Brain imaging and biomarker studies presented at AAIC 2013 show an increasingly detailed picture of Alzheimer's progression, starting with amyloid abnormalities and leading to memory and thinking symptoms.

BOSTON, July 16, 2013 /PRNewswire-USNewswire/ -- An updated model of the sequence of changes in the brains of people with Alzheimer's disease was reported today at the Alzheimer's Association International Conference® 2013 (AAIC® 2013) in Boston.

In the hypothetical model of Alzheimer's progression over time, now refined with several years of clinical evidence, biological markers of changes in beta-amyloid protein become abnormal first, then biomarkers of the degeneration and death of brain cells, followed by dementia symptoms.

Two other studies presented today support the updated Alzheimer's model by demonstrating that abnormal changes in beta-amyloid protein precede dementia symptoms by years or even decades and then begin to plateau by the time cognitive changes are observable.

"Having a clearer and more accurate portrayal of the sequence of biomarker changes in Alzheimer's disease is extremely valuable," said Maria Carrillo, Ph.D., Alzheimer's Association vice president of medical and scientific relations. "For example, it will enable us to better design treatment studies — enhancing the selection of study participants, targeting the proper time during the disease to give the treatment and measuring treatment effects."

"These three reports underscore the importance of Alzheimer's disease biomarker studies, and also begin to show us when those biomarkers might be potential targets for therapy," said Carrillo. "It is when biomarkers are at their most dynamic and changeable that they can best be measured and perhaps modified through treatment."

Research confirms hypothesis that amyloid abnormalities precede other Alzheimer's indicators; Updated biomarker model is presented

In 2010, Clifford Jack, Jr., M.D., of the Mayo Clinic College of Medicine and colleagues proposed a hypothetical model of the sequence of change in Alzheimer's disease biomarkers and related them to each other and to the emergence and progression of outward dementia symptoms. In that model, beta-amyloid markers become abnormal first, then biomarkers of neurodegeneration, followed by clinical symptoms.

At AAIC 2013, Jack and colleagues report that they have updated the model based on research evidence that has accumulated since the original publication that supports the original model's general outlines, yet also challenges some its assumptions.

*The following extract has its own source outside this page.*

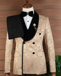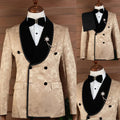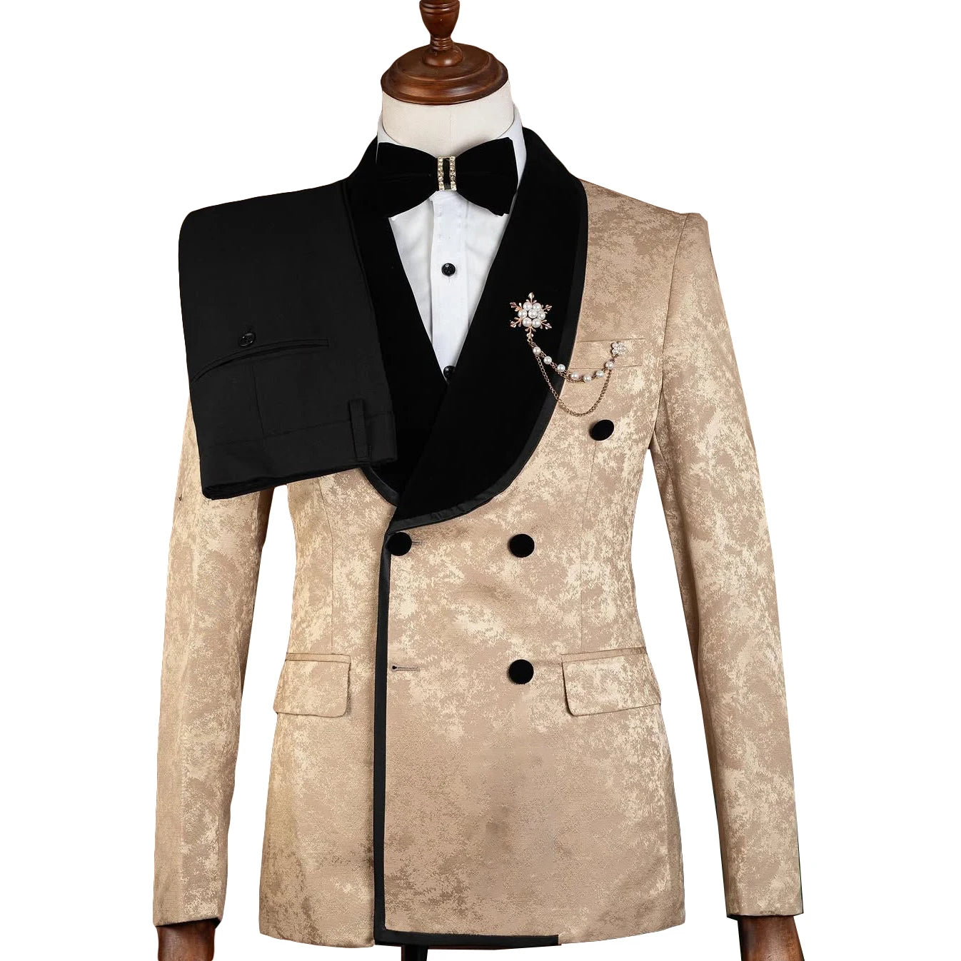 Modern Men Suits Jacquard 2 Pieces Set Tailor-Made Velvet Jacket Shawl Lapel Blazer Double Breasted Groom Customized Coat Pants

In the updated model:

Biomarkers are ordered somewhat differently.
The curves in the chart that represent biomarker change now have different shapes.
There is more overlap between changes in biomarkers.
Changes in biomarkers are described in relation to time, not to severity of symptoms.
Cognitive outcome is expressed as a range of possible values, reflecting the fact that individuals respond to Alzheimer's pathology uniquely.

"One of the most important criticisms of our original model was that it failed to account for abnormalities in tau protein in the brain that are a nearly universal feature of aging," said Jack. "Our model now distinguishes between biomarkers of Alzheimer's disease pathology and biomarkers of normal aging."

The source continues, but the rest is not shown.